Although the freedom of LGBTQ+ people in progressive metropolises such as Sydney and Melbourne now seems self-evident, this is not the case everywhere in Australia, says 30-year-old Blake Royden. He has traveled to Sydney to celebrate Mardi Gras and is joining the tour. “I grew up in a village, where I didn’t know anyone who was gay. I had a lot of internalized homophobia.”

It was only when he moved to the city that he dared to express his sexuality. Royden gets emotional as he thanks the 78ers at the end of the tour. “Every LGBTQ+ person in Australia should know the history of Mardi Gras,” he says. “Thanks to the 78ers, I now have the freedom to be myself.”

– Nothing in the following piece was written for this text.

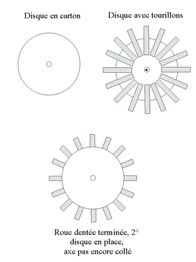 Un peu par hasard j'ai remarqué que certaines étaient bien crantées sur le pourtour, je les ai donc utilisées comme roues dentées en les clouant sur des planchettes de bois (un peu bruyant pour les collègues...)
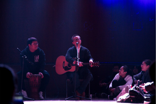柔和的灯光,悠长的弦乐,在如此优美的环境下,果子一首《如梦一场》开启了此次音乐之旅。悠长的乐声,将所有的人带入了果子的音乐世界,所有人静静倾听动听的乐曲。演唱结束后,果子进行了简单的开场白,向所有观众传达了未出席的大冰对所有人的感谢,其后他与观众分享了自己的经历,以自己的痛苦经历鼓励参会的老员工要学会面对挫折,敢于放下自己的所谓的脸面。同时他强调了母亲对自己的影响,为了感谢母亲,感谢奋斗的自己,他用一首《一个人》送给所有正在奋斗的年轻人。演唱后,果子和嵇翔与观众进行了互动,亲切地与到场的读者交谈,交流书中内容,畅谈老员工活。观众围在舞台中央,近距离与他们互动,现场氛围非常活跃,其后,嵇翔又带来了自己的歌曲。两位音乐人的一首首歌曲引来了一次又一次热烈的掌声。最后,果子以大冰的《陪我到可可西里看海》结束了此次音乐会。

The movement is still fighting for emancipation and equality. At the moment, ‘gay healing therapy’ is high on the political agenda. In the state of New South Wales, where Sydney is located, it is still legal, just like in the Netherlands, to perform this so-called ‘conversion therapy’, with the aim of changing someone’s sexual orientation or gender identity.

New South Wales holds state elections in March. The polls predict a minority government, making the support of independent MPs crucial to policy making. Independent MP Alex Greenwich has drafted a bill to ban so-called ‘conversion therapy’, saying he will only support the party that endorses the bill.

Read also For some, the Canal Parade has become too much party and too little protest

In recent years, criticism of the commercial nature of the Sydney Mardi Gras has grown. Many companies participate in the parade, while they contribute little to gay liberation, says Ken Davis. Pinkwashing, he thinks . “It’s just good marketing for them. The ‘gay dollar’ is worth a lot.”

He is afraid that the original purpose of the party will be forgotten. “Mardi Gras started out as a way to challenge power. If we don’t do that anymore, the parade is pointless.”